Factor and use the zero-product property to find the roots of the following quadratic equation.
(a) \[0={{x}^{2}}-7x+12\]
(b) \[0=6{{x}^{2}}-23x+20\]
(c) \[0={{x}^{2}}-9\]
(d) \[0={{x}^{2}}+12x+36\]

Answer 1

Hint: First understand the definition of zero product property. To factorize the quadratic expression in (a) and (b) apply the middle term split method. Use the algebraic identity: - \[{{a}^{2}}-{{b}^{2}}=\left( a+b \right)\left( a-b \right)\] to factorize the expression in (c). For (d) use the formula: - \[{{a}^{2}}+2ab+{{b}^{2}}={{\left( a+b \right)}^{2}}\] for factorization.

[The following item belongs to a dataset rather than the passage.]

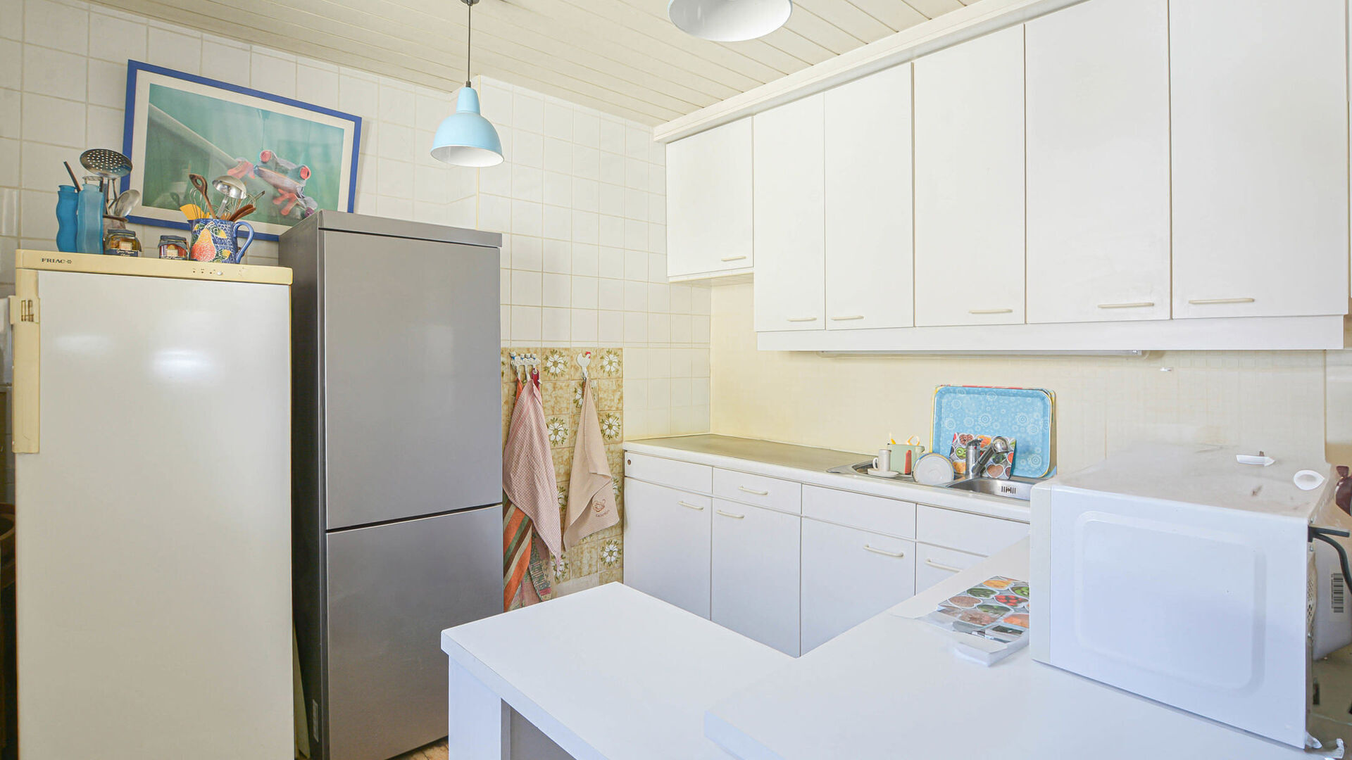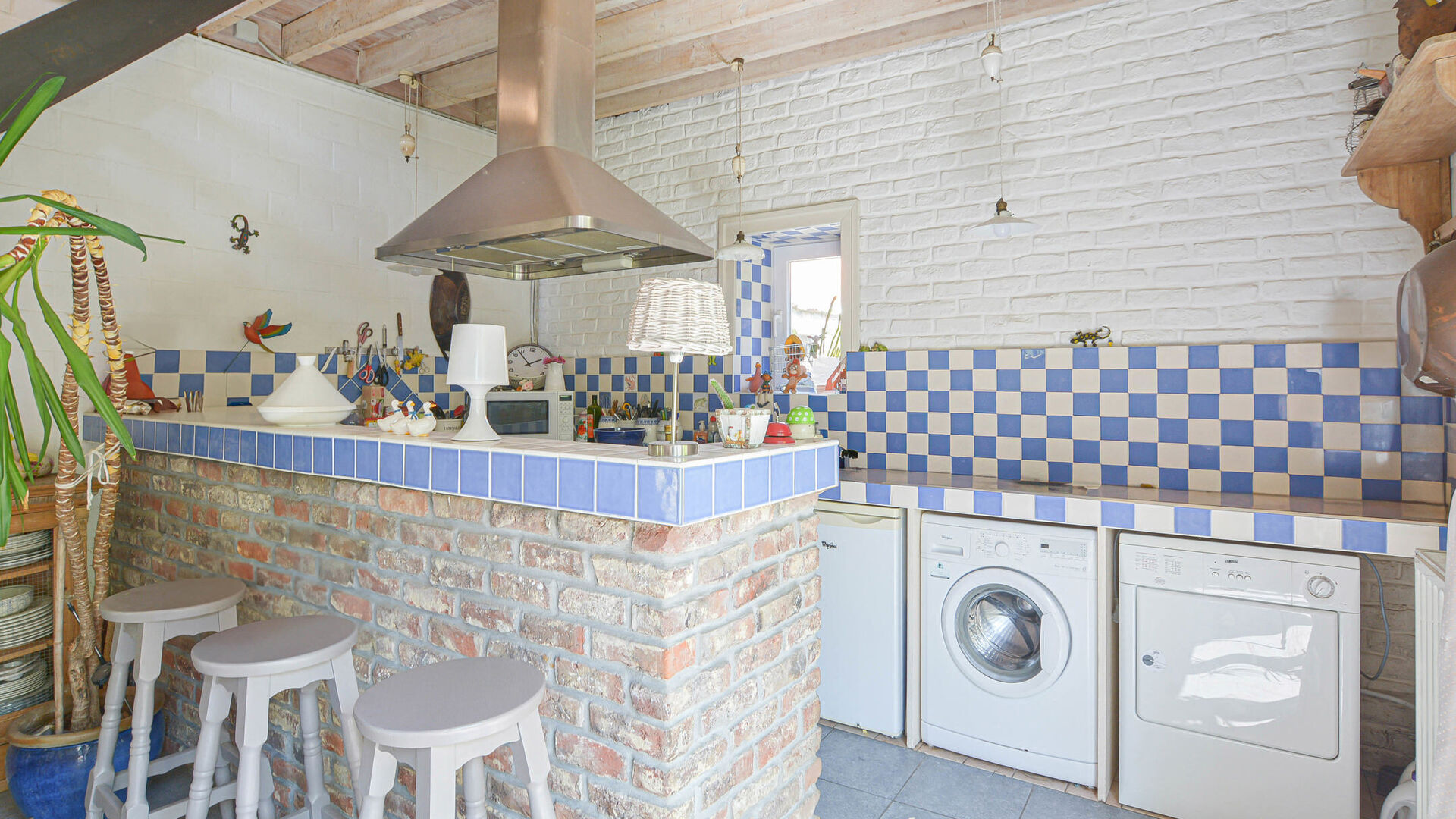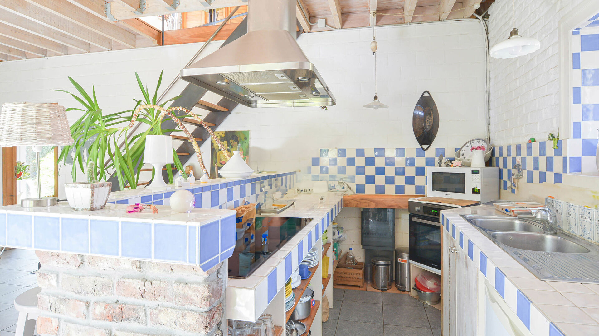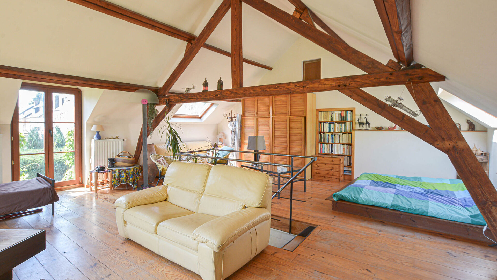 La partie droite dispose d’un espace de vie +/-27m² avec cuisine ouverte entièrement équipée, ainsi que d’une grande chambre/pièce polyvalente +/-44 m² à l'étage qui pourrait facilement être divisée en 2 chambres.

Complete step-by-step solution:
Here, we have been provided with four quadratic equations and we are asked to factorize them and use the zero-product property to find the roots. But first we need to know about the zero-product property.
 Now, in mathematics, the zero product property states that if m and n are two non – zero numbers then their product will not be zero. In other words, if \[m\times n=0\] then either m = 0 and n = 0.
Now, let us come to the quadratic equations one – by – one.
(a) \[0={{x}^{2}}-7x+12\]
\[\Rightarrow {{x}^{2}}-7x+12=0\]
Using the middle term split method, we have,
\[\begin{align}
& \Rightarrow {{x}^{2}}-4x-3x+12=0 \\
& \Rightarrow \left( x-4 \right)\left( x-3 \right)=0 \\
\end{align}\]
Applying the zero-product property, we get,
\[\Rightarrow \] either x = 4 or x = 3
Therefore, x = 4 or x = 3 is the solution.
(b) \[0=6{{x}^{2}}-23x+20\]
\[\Rightarrow 6{{x}^{2}}-23x+20=0\]
Using the middle term split method, we get,
\[\begin{align}
& \Rightarrow 6{{x}^{2}}-15x-8x+20=0 \\
& \Rightarrow 3x\left( 2x-5 \right)-4\left( 2x-5 \right)=0 \\
& \Rightarrow \left( 3x-4 \right)\left( 2x-5 \right)=0 \\
\end{align}\]
Applying the zero-product property, we get,
\[\Rightarrow \] either \[x=\dfrac{4}{3}\] or \[x=\dfrac{5}{2}\]
Therefore, \[x=\dfrac{4}{3}\] or \[x=\dfrac{5}{2}\] is the solution.
(c) \[0={{x}^{2}}-9\]
\[\begin{align}
& \Rightarrow {{x}^{2}}-9=0 \\
& \Rightarrow {{x}^{2}}-{{3}^{2}}=0 \\
\end{align}\]
Using the algebraic identity: - \[{{a}^{2}}-{{b}^{2}}=\left( a+b \right)\left( a-b \right)\], we get,
\[\Rightarrow \] either x = -3 or x = 3
Therefore, x = -3 or x = 3 is the solution.
(d) \[0={{x}^{2}}+12x+36\]
\[\Rightarrow {{x}^{2}}+12x+36=0\]
This can be written as: -
\[\Rightarrow {{x}^{2}}+2\times 6\times x+{{6}^{2}}=0\]
Using the algebraic identity: - \[{{a}^{2}}+2ab+{{b}^{2}}={{\left( a+b \right)}^{2}}\], we get,
\[\begin{align}
& \Rightarrow {{\left( x+6 \right)}^{2}}=0 \\
& \Rightarrow \left( x+6 \right)\left( x+6 \right)=0 \\
\end{align}\]
Applying the zero-product property, we get,
\[\begin{align}
& \Rightarrow x+6=0 \\
& \Rightarrow x=-6 \\
\end{align}\]
Therefore, $x = -6$ is the solution.

Note: One must not apply the discriminant formula to solve the above questions because if you will do so then according to the question it will be considered as a wrong approach. This is because we have to factorize the equations and then use the zero-product property but the discriminant formula will directly give the values of x without factoring. You must remember the zero-product property, middle term split method and all the algebraic identities.